Blood 148 is a First Nations reserve in Alberta, Canada. It is inhabited by the Blood (Kainai) First Nation and was established under the provisions of Treaty 7. This reserve is managed from the community of Stand Off on its northwest border and encompasses the majority of lands bounded by the city of Lethbridge and the towns of Fort Macleod and Cardston. It is traversed by Alberta Highway 2, Highway 5, and Highway 509. The St. Mary River and the Belly River are major rivers supplying and draining the lands.

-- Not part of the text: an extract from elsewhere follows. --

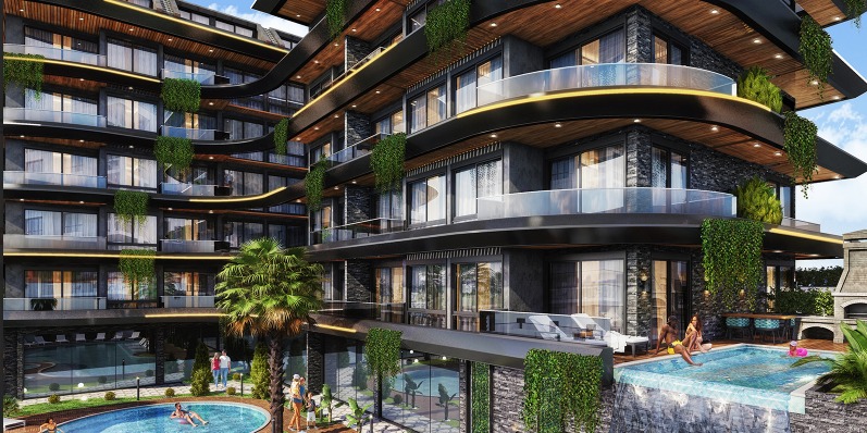 New premium class project located at 230 m from the sea in the area of Kestel. The complex consists of 2 blocks, 46 flats 1+1, 2+1 dublexes and 2+1 with their own private pool and terrace.

At 1413.87 km2, the Blood 148 reserve is the largest reserve by land in Canada, and the third most populous after Six Nations and Akwesasne. On June 12, 2019, federal courts ruled that, according to the land entitlement provisions of Treaty 7, the Blood Tribe was entitled to a reserve equal to 710 mi2 in area, an increase of 164.1 mi2 over the existing lands. The judgement did not address remedy nor costs. It is located between Fort Macleod, Lethbridge, and Cardston, bordering the Municipal District of Willow Creek No. 26 to the northwest, the Lethbridge County to the northeast and Cardston County to the east, south and southwest.

== Demographics ==
In 2006, Blood 148 had a population of 4,177 living in 1,250 dwellings, an 8.4% increase from 2001. The Alberta Government lists the Blood 148 population at 4,713 in 2018. Prior to the June 12, 2019 award the Indian reserve land area was 1413.87 km2, with a population density of 3.0 /km2.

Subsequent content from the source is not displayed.